File photo of the 1989 Tianmen Square crackdown. "In the modern era, China has never been so secure - in terms of having no obvious countries on its borders threatening it - and yet China's leaders continue to feel insecure," Scobell said at the panel discussion.

Washington (UPI) Oct 20, 2005
U.S. Defense Secretary Donald Rumsfeld's visit to China has focused attention again on concerns that the vast Communist nation's unpredictability during times of crisis is a threat to international security.

China policy experts, participating in a Heritage Foundation panel discussion, said the erratic fashion in which China has handled crises in its past -- including domestic unrest, the outbreak of SARS and a 50-year-old standoff with Taiwan -- makes it difficult to predict how China will react in future crises.

But one constant in China's crisis management through the years has been the Chinese Communist Party's top priority of staying in power -- an approach that endangers China's citizens and other nations, the panelists said.

The focus on China's unpredictability under stress throws into sharp relief long-standing concerns from some quarters of the national security establishment, especially about the growth of the People's Liberation Army, the world's largest military force.

The modernization of the Chinese military, with a recent double-digit increase in its budget, has not escaped notice.
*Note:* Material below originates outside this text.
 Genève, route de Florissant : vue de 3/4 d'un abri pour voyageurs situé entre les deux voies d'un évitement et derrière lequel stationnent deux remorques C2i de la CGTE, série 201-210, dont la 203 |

In a speech in Singapore in June, Rumsfeld questioned the rationale for the increase, saying, "No nation threatens China."

China's joint military exercises with Russia in August have not helped matters, raising fears of a Sino-Russian military axis.
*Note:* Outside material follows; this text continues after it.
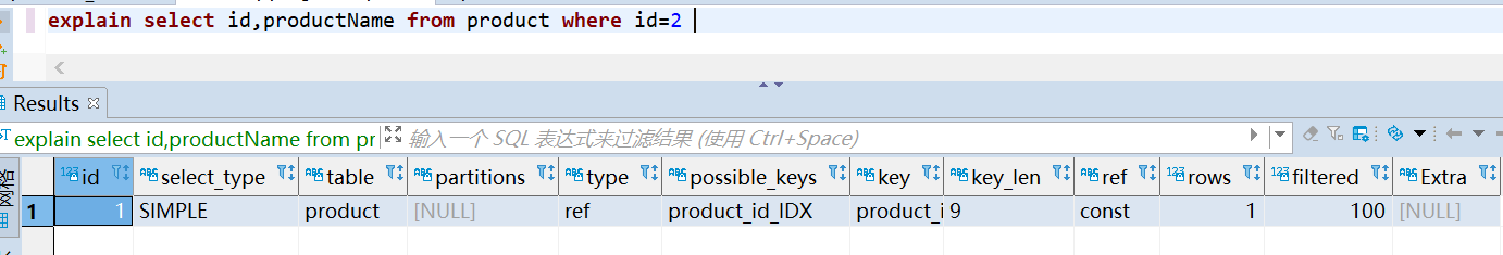 表示实际使用的索引,这个索引必然包含在possible_keys中

The ambiguity surrounding China's military intentions is characteristic of the communist regime's lack of transparency and presents a paradox, according to Andrew Scobell, research professor of national security at the Strategic Studies Institute.

"In the modern era, China has never been so secure -- in terms of having no obvious countries on its borders threatening it -- and yet China's leaders continue to feel insecure," Scobell said at the panel discussion.

That insecurity is evident in the secretive and, at times, ambivalent way China has handled crises in the past, experts said.

During the outbreak in 2003 of SARS -- Severe Acute Respiratory Syndrome -- the Chinese government employed a strategy of "deception and denial" for five months before international pressure forced them to respond in a meaningful way, according to Col. Susan Puska, a former adviser to the U.S. State Department.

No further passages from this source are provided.